DDP with an out-of-memory, generator datapipe

For context, my dataset is a set of parquet files, each with a variable amount of rows. I am trying to train using DDP, but my dataset it too large to load into one process, let alone multiple. When training on one GPU, it is simple enough to set up a generator using pyarrow. I create a generator for each parquet file and chain them together, inputting the result to a DataLoader.
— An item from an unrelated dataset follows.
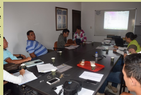
Primera reunión con ASOCOQUADUA, CRQ y la Mesa

Con el proyecto, se pretende realizar la recuperación paulatina de las 85 franjas verdes identificadas en el municipio de Armenia, por ahora, se inicia con la franja ubicada en el barrio Mercedes del Norte, para posteriormente presentar los resultados del proyecto al Ministerio de Agricultura y Ministerio de Medio Ambiente y posibilitar la inversión de recursos.

Here is some example code:

import pyarrow.parquet as pq
from itertools import chain
from torchdata.datapipes.iter import IterableWrapper, Shuffler

files = [<list of parquet files>]

def get_datapipe(files):
    all_parquet_gen = chain(*[get_parquet_generator(f) for f in files])
    my_datapipe = Shuffler(IterableWrapper(all_parquet_gen, deepcopy=False), buffer_size=bs*4)

def get_parquet_generator(f):
    parquet_file = pq.ParquetFile(io.BytesIO(obj['Body'].read()))
    gen = parquet_file.iter_batches(batch_size=1)
    for batch in gen:
        yield single_record_to_torch(batch.to_pylist()[0])

def single_record_to_torch(rec):
    <Transforms a single record from pyarrow to a torch-friendly format>

Currently, just trying to run DDP with the same code gives the following error:

TypeError: cannot pickle 'generator' object

Here is my code for running DPP:

from dataset import get_datapipe
from model import MyModel

from torch.optim import Adam
from torch.nn import MSELoss

import torch
from tqdm import tqdm

import torch.multiprocessing as mp
from torch.nn.parallel import DistributedDataParallel as DDP
import torch.distributed as dist
import os

def setup(rank, world_size):
    os.environ['MASTER_ADDR'] = 'localhost'
    os.environ['MASTER_PORT'] = '12355'

    # initialize the process group
    dist.init_process_group("gloo", rank=rank, world_size=world_size)

def cleanup():

# Is this the correct way to do a loop with DDP?
def train_model(rank, world_size):
    print(f"Running basic DDP example on rank {rank}.")
    setup(rank, world_size)

    # create model and move it to GPU with id rank
    files = get_keys_paginator('gogneptune', 'gogv2_input/v2-1/full_prefiltered')
    train_dl = get_datapipe(files)
    dummy_dl = get_datapipe(files[:2])
    batch = next(iter(dummy_dl)).to(rank)

    model = MyModel()
    model = model.to(rank)
    model(batch.x_dict, batch.edge_index_dict, batch.batch_dict)
    ddp_model = DDP(model, device_ids=[rank])
    dummy_dl = None

    optimizer = Adam(params=model.parameters())
    criterion = MSELoss().to(rank)

    n_epoch = 5
    for n in range(n_epoch):
        for batch in tqdm(train_dl):
            batch = batch.to(rank)
            output = ddp_model(batch.x_dict, batch.edge_index_dict, batch.batch_dict)
            y = batch.y
            loss = criterion(output, y.reshape(-1,1))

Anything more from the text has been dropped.